Rachelle: Last week you were insisting the Russians were cyborgs.
Rachelle: Regardless, it’s not a “cultural appropriation” tepee, but more of a “spirit guide” tepee.
Rachelle: I had a vision when I was in there.
Rachelle: Of Justin Trudeau.
Rachelle: He was dressed in his tepee denims and smelled of pine needles.
Rachelle: Shirt?
Rachelle: No, just the jean jacket.
Rachelle: Yes, unbuttoned.
Rachelle: I know. Yes, you and some other kids beat him up in grade school.
Rachelle: You know, that’s probably something you shouldn’t be so proud of.
Rachelle: No, you couldn’t.
Rachelle: No, you simply could not do a plank– no matter how much you trained or hard you tried.
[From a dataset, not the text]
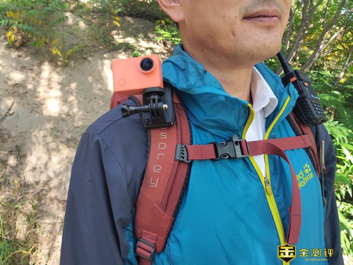 背包夹:由于经常参加群体组织的户外活动,双手需要拿着手杖,当有美景的时候,无法腾出手来拍摄,利用背包夹可以方便的从胸部角度拍摄,所拍出的画面让人有身临其境之感,适合爬山、郊游、步行等没有剧烈运动的活动。

Rachelle: It’s like the 20th meatball for you, a bridge you shall never cross.
Rachelle: Oh, no!
Rachelle: He didn’t speak at all, he just smiled at me, and when he did I knew that everything was going to be fine. Sunny ways everywhere!
Rachelle: Oh! I think I see you Pickle!
Rachelle: Do you see us?
Rachelle: Look! Jones has a dinosaur he wants to show you! He’s running to you now, our little sunny way is running right to you!